NOT THREAD-SAFE, execute this while no other instance is accessing the file system.
- algbench.read_as_pandas(path: str, row_creator: Callable[[Dict], Dict | None]) pandas.DataFrame [source]
Read the benchmark as pandas table. For this, you have to tell the function, which data should go into which column. If you want to skip an entry, return None (or an empty dict) in the row_creator.
An example could look like this:
t = read_as_pandas( "./03_benchmark_data/", lambda result: { "instance": result["parameters"]["args"]["instance_name"], "strategy": result["parameters"]["args"]["alg_params"]["strategy"], "interchange": result["parameters"]["args"]["alg_params"].get( "interchange", None ), "colors": result["result"]["n_colors"], "runtime": result["runtime"], "num_vertices": result["result"]["num_vertices"], "num_edges": result["result"]["num_edges"], }, )
- Parameters:
path – Path to the benchmark
row_creator – Function that creates a row from an entry
- Returns:
Pandas DataFrame
- class algbench.JsonLogHandler(level=0)[source]
Bases:
Handler
A logging handler that stores log entries in a list of JSON compatible dictionaries.

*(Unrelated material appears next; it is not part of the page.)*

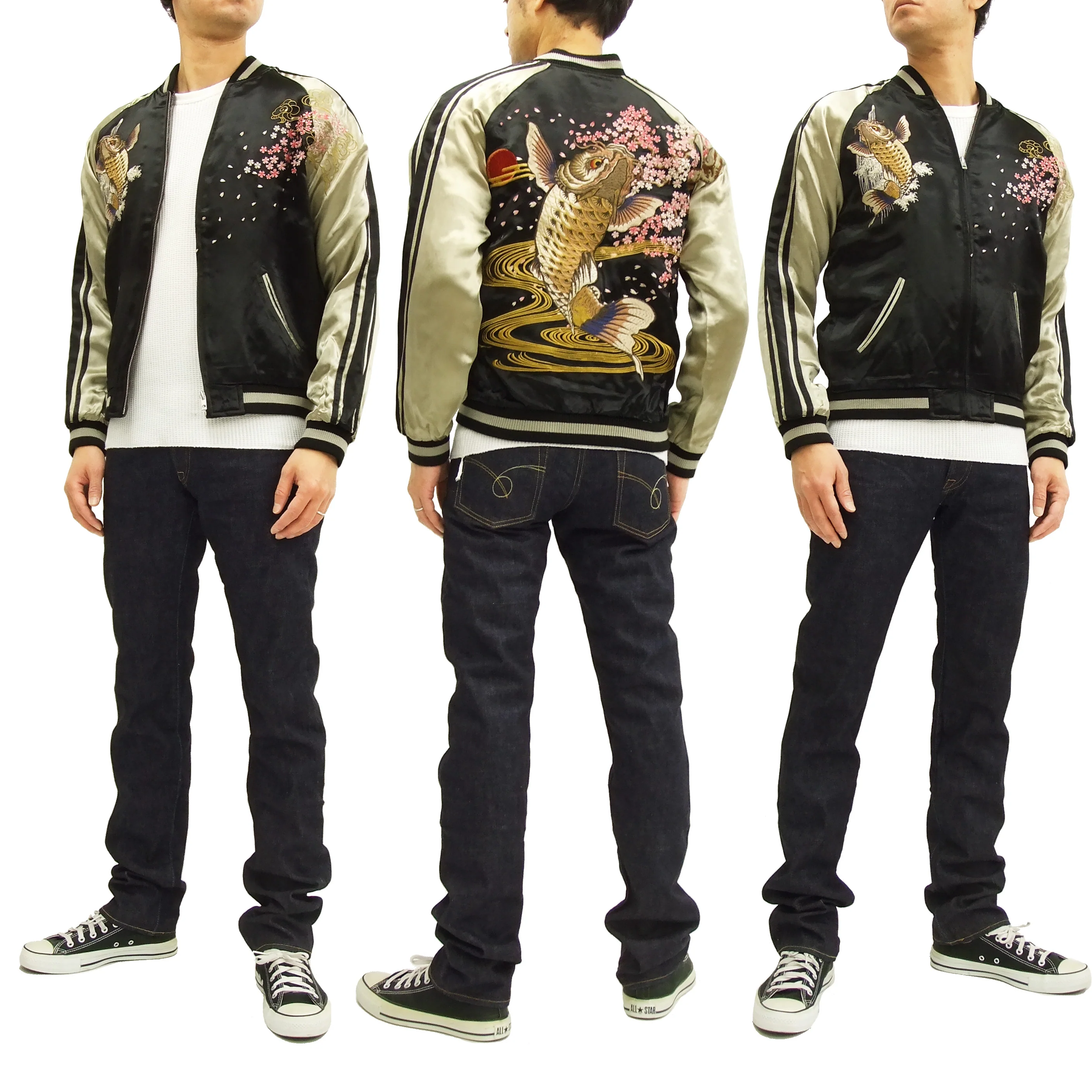 Satori Script Japanese Souvenir Jacket Koi Fish Carp Men's Sukajan GSJR-004 Black/Beige

- class algbench.JsonLogCapture(logger_name: str, level=0, handler: JsonLogHandler | None = None)[source]
Bases:
object
A context manager that captures logs and returns them as a list of JSON
- __init__(logger_name: str, level=0, handler: JsonLogHandler | None = None) None [source]
- Parameters:
logger_name – The name of the logger to catch.
level – The level of the logger to catch.